仏教は紀元前5世紀頃にインドで成立しました。

しかし、当初は偶像崇拝が堅く戒められていたため、仏像が造られるようになるのは紀元後1世紀のガンダーラ(現パキスタン)およびマトゥラー(現インド)において、とされています。

元々インドには野生でライオンが生息していましたから、初めから仏教にまつわる言葉や説話の中にライオンは取り込まれていました。

そのため、1世紀に生まれた仏像は、その時点で仏像の一部にライオンを取り込んでいました。

例えば、「インド・マトゥラー彫刻展」の図録に掲載されている1世紀の『仏伝「四天王奉鉢」』(イシャープル出土)では、仏陀の座る須弥座の下に2頭1対のライオンが浮彫りになっています。

さて、仏教の中国への伝来は紀元前後とされています。

その頃には仏像も生まれていますので、ほぼ同時期から仏像をともなっていてもおかしくありませんが、実際に仏教に関連する図像が見られるようになるのは2世紀以降のようです。事例もそれほど豊かではありません。

 

それが一気に広がるのは、3世紀から6世紀の魏晋南北朝の時代。

特に北魏(386534)では、太武帝による弾圧を別にすれば、仏教は保護され、大きく発展しました。
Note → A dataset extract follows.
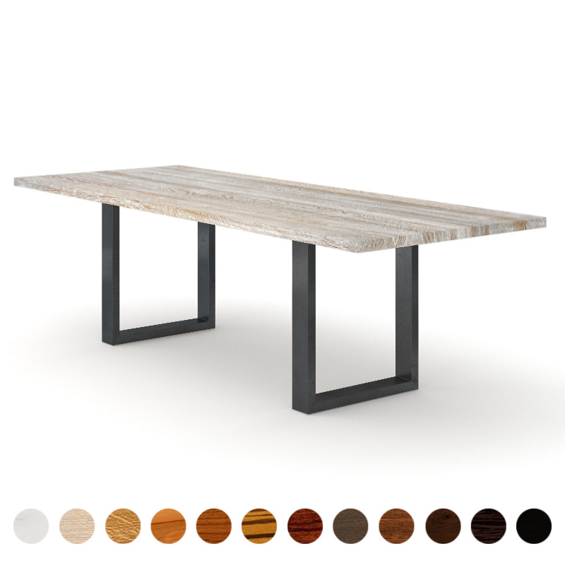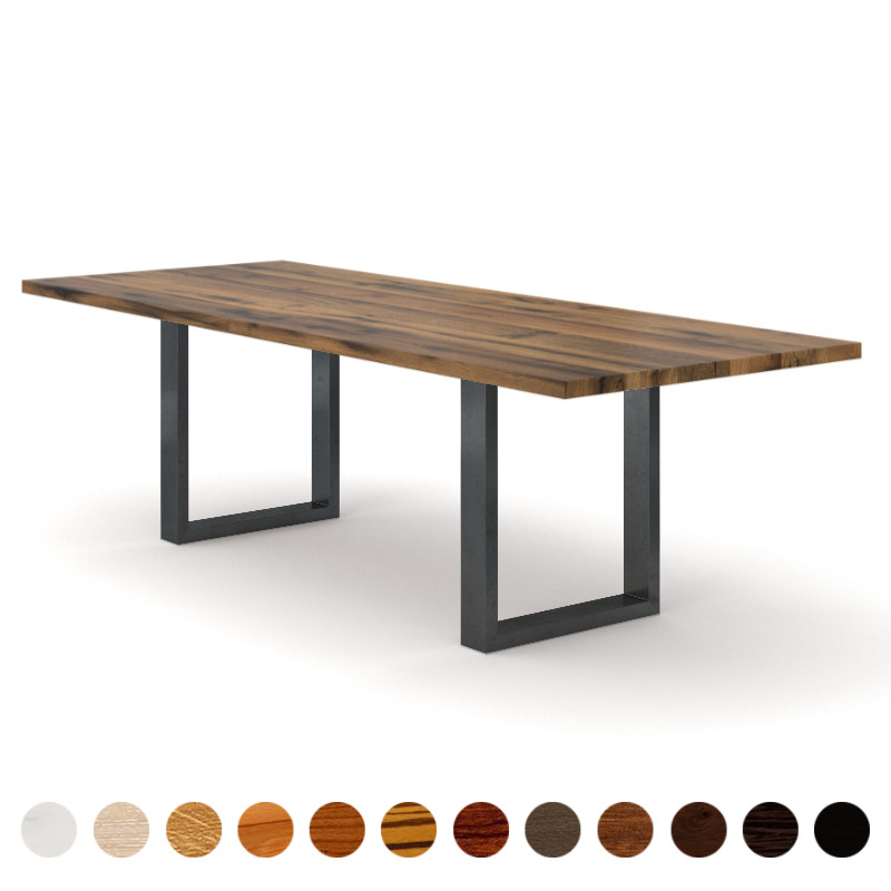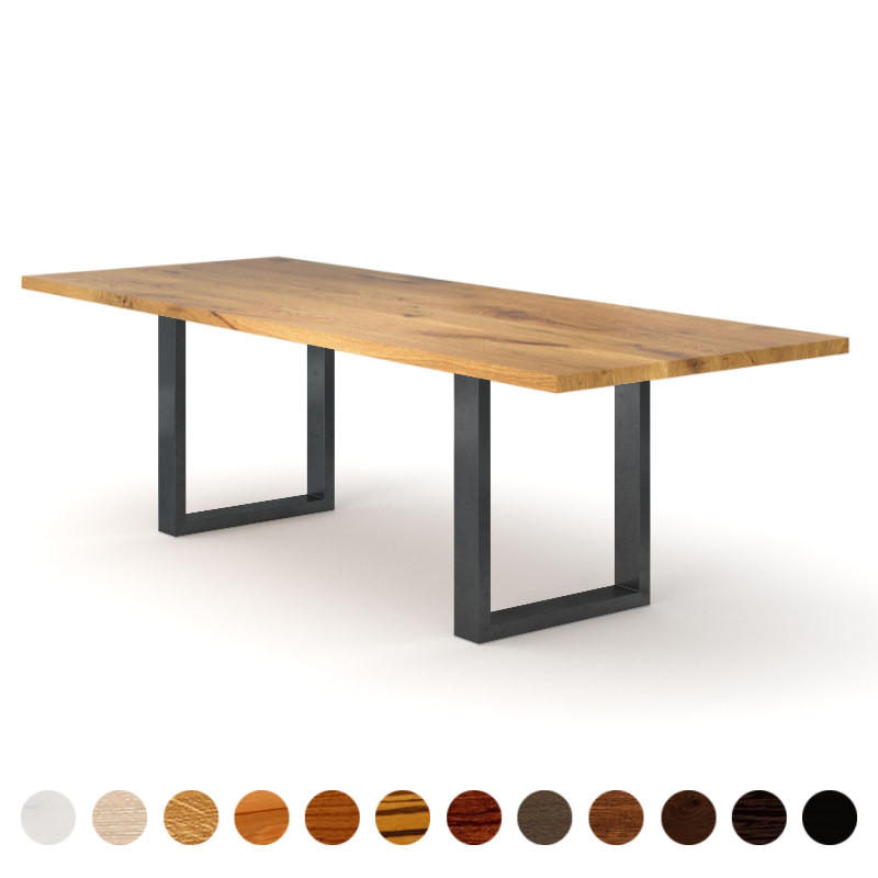 Esstisch Deluxe mit Echtholz Tischplatte Wildeiche und Metallkufen Ulm

その成果が雲岡と龍門の石窟です(リンク先の一番上右側の写真が賓陽中洞で、下部に獅子がいる)

そこにも、仏像に伴なうライオン/獅子が見られます。

雲岡石窟の初期の大仏については北魏の皇帝たちの顔に似せたという説があるそうです。

北魏では仏教が国家との関わりを強く持ち、雲岡石窟も純粋に仏教施設というだけでなく、国家の威信を表現した施設でもあります。

仏と皇帝を同列視する発想があってもおかしくはありません。

それはともかくとして、大は石窟寺院の大仏から、小はミニチュアのような金銅仏まで、ライオン/獅子をともなった仏像は数多く生れました。
そうしたライオン/獅子を伴なう仏像の形式を受容することによって、獅子は崇高な存在のすぐ側にあって、それを守るものというふうに認識が改まった可能性があります。
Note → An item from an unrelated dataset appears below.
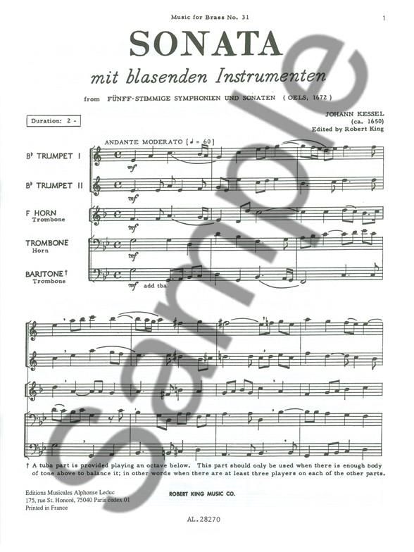 For 2 trumpets, horn (or trombone), trombone and trombone (or tuba).
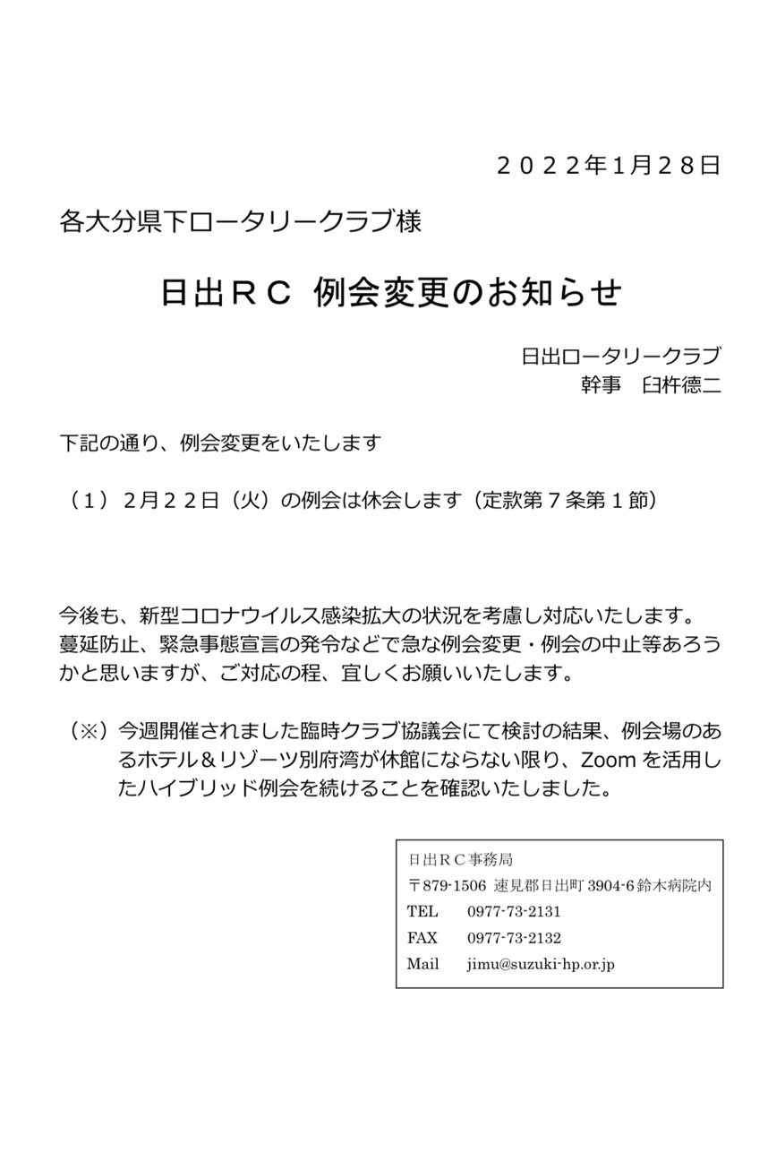 例会 第25回【通算第211回】 2022年1月24日正午~1月31日正午(出席数・出席率1月31日正午)

その結果、神獣の中での獅子の地位が高まったということは考えられるでしょう。

中国には多様な信仰形態があり、現在においては仏教は盛んとは言えません。

歴史的にみても、中国における仏教の全盛期は隋・唐代とされ、宋代以降は、元代にチベット仏教(ラマ教)が盛んになったのが目立つ程度でしょうか。

しかし、一度高まった獅子の地位は仏教が力を失っても落ちることはなかったというふうに考えることもできるのではないでしょうか。